YOUR INSTRUCTIONS: Begin at the line containing "今天是2019年5月4日,星" in the records below, end at the line containing "L女士从出租车上摔下后,因左腿疼痛来到 SVH 急诊室。经检查发现其左侧胫骨轴骨折(G1关节内开放性骨折),于", and retype each line in that span exactly. No other line and no image should appear.

AVAILABLE RECORDS:
_ _ _

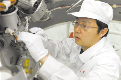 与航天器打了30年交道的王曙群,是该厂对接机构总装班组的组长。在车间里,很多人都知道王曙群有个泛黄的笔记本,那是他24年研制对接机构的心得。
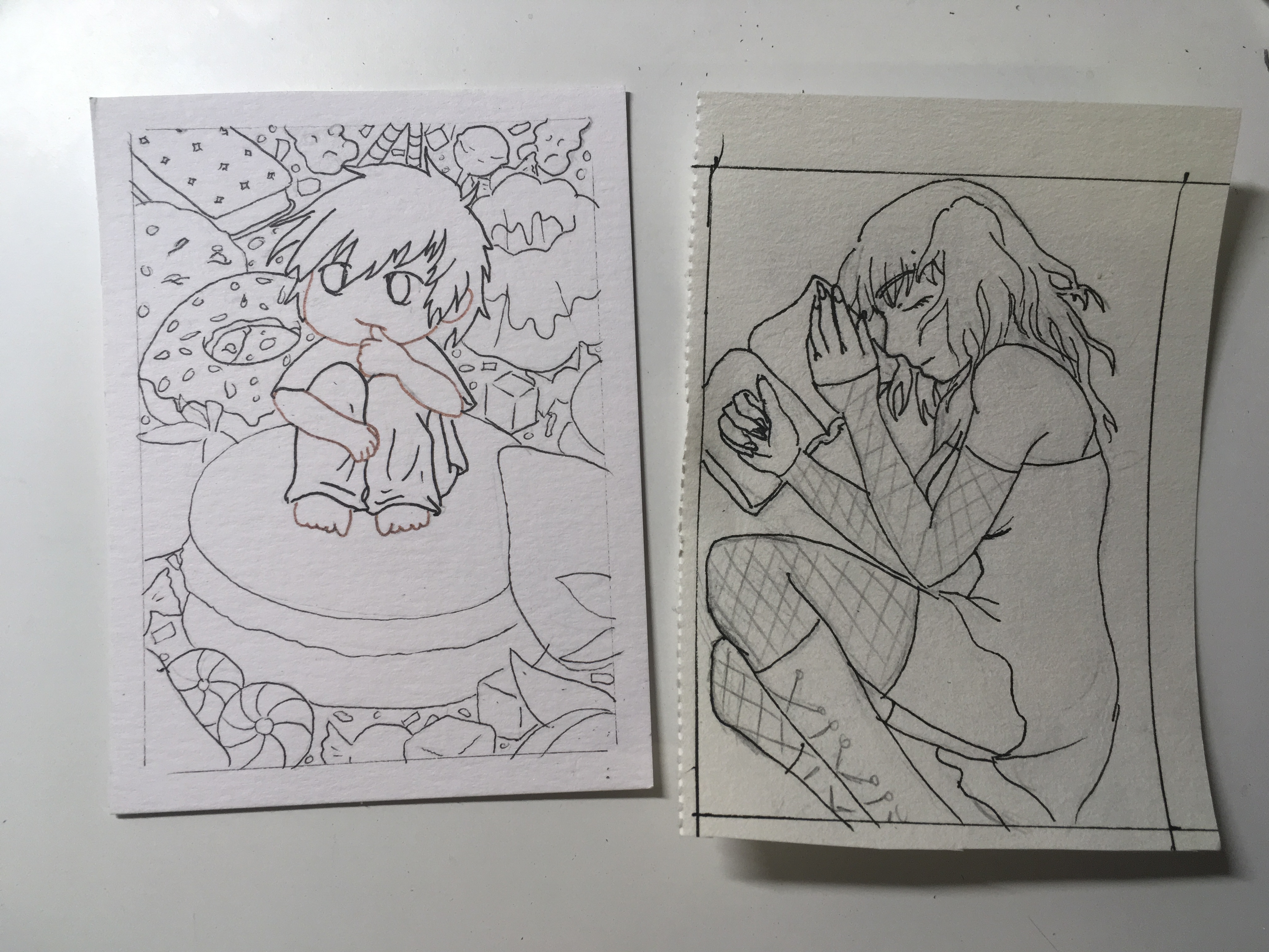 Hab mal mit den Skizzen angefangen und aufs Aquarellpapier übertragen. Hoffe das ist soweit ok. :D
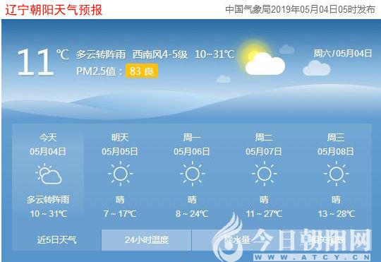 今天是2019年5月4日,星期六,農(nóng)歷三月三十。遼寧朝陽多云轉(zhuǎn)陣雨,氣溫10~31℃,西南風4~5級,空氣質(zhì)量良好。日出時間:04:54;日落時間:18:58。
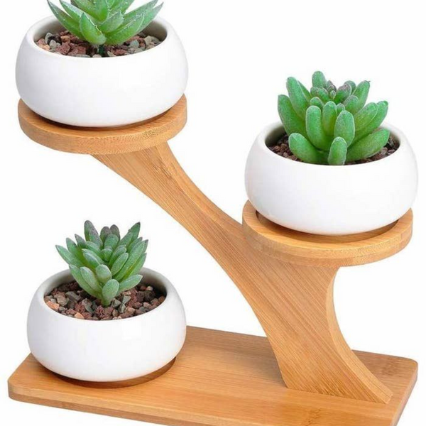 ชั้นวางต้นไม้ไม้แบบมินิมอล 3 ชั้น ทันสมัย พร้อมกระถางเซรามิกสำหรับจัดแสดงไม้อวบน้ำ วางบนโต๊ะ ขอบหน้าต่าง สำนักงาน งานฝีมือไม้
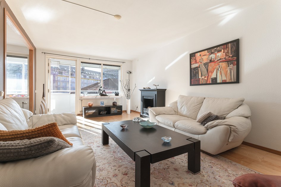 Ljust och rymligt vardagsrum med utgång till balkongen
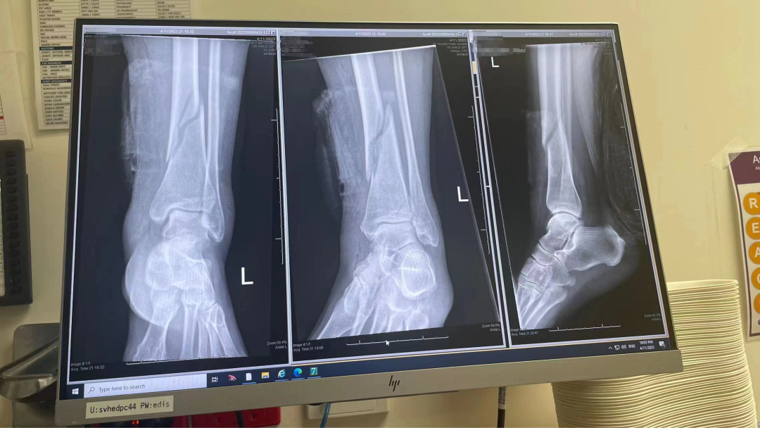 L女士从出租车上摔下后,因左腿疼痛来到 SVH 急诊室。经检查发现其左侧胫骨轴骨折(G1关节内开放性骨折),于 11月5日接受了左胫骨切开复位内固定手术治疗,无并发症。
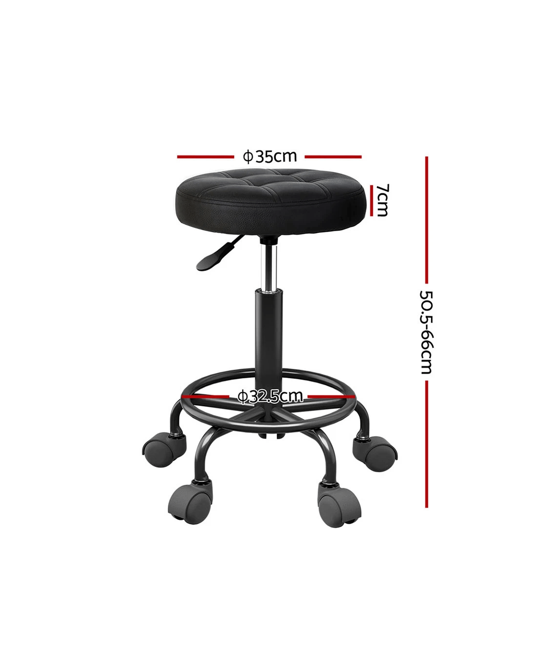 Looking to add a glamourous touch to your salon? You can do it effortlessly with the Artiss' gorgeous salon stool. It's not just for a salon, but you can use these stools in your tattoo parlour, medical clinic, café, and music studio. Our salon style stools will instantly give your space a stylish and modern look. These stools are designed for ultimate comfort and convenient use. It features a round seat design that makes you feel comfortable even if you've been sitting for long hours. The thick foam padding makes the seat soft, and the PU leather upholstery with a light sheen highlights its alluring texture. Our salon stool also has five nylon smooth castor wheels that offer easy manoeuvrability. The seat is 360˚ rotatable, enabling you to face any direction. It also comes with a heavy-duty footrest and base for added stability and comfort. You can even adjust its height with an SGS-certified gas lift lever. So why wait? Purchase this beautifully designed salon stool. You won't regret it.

_ _ _

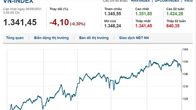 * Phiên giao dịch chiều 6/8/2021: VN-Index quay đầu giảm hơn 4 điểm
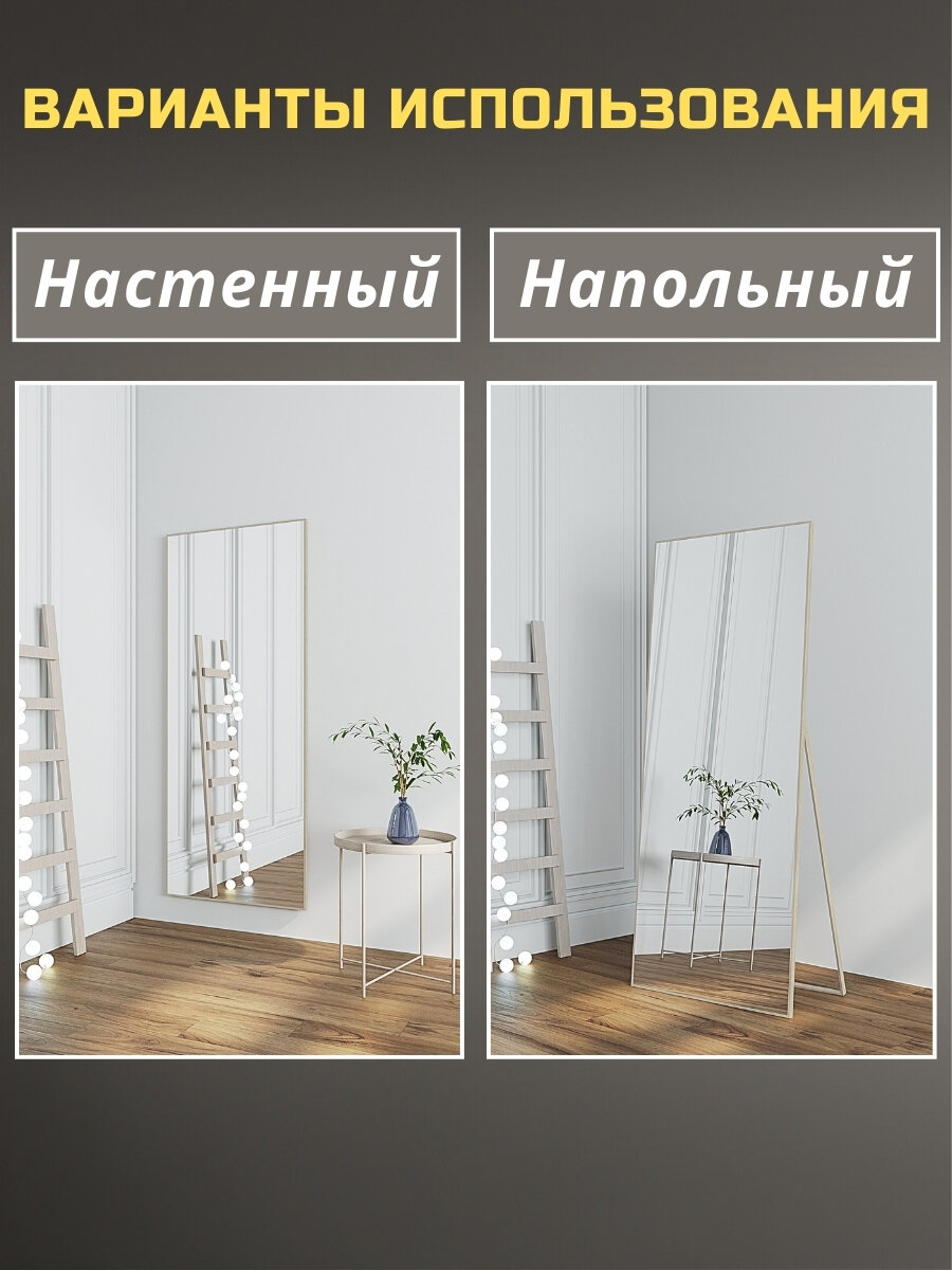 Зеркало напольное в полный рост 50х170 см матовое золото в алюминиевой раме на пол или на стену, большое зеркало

_ _ _

WRITTEN ANSWER:
 今天是2019年5月4日,星期六,農(nóng)歷三月三十。遼寧朝陽多云轉(zhuǎn)陣雨,氣溫10~31℃,西南風4~5級,空氣質(zhì)量良好。日出時間:04:54;日落時間:18:58。
 ชั้นวางต้นไม้ไม้แบบมินิมอล 3 ชั้น ทันสมัย พร้อมกระถางเซรามิกสำหรับจัดแสดงไม้อวบน้ำ วางบนโต๊ะ ขอบหน้าต่าง สำนักงาน งานฝีมือไม้
 Ljust och rymligt vardagsrum med utgång till balkongen
 L女士从出租车上摔下后,因左腿疼痛来到 SVH 急诊室。经检查发现其左侧胫骨轴骨折(G1关节内开放性骨折),于 11月5日接受了左胫骨切开复位内固定手术治疗,无并发症。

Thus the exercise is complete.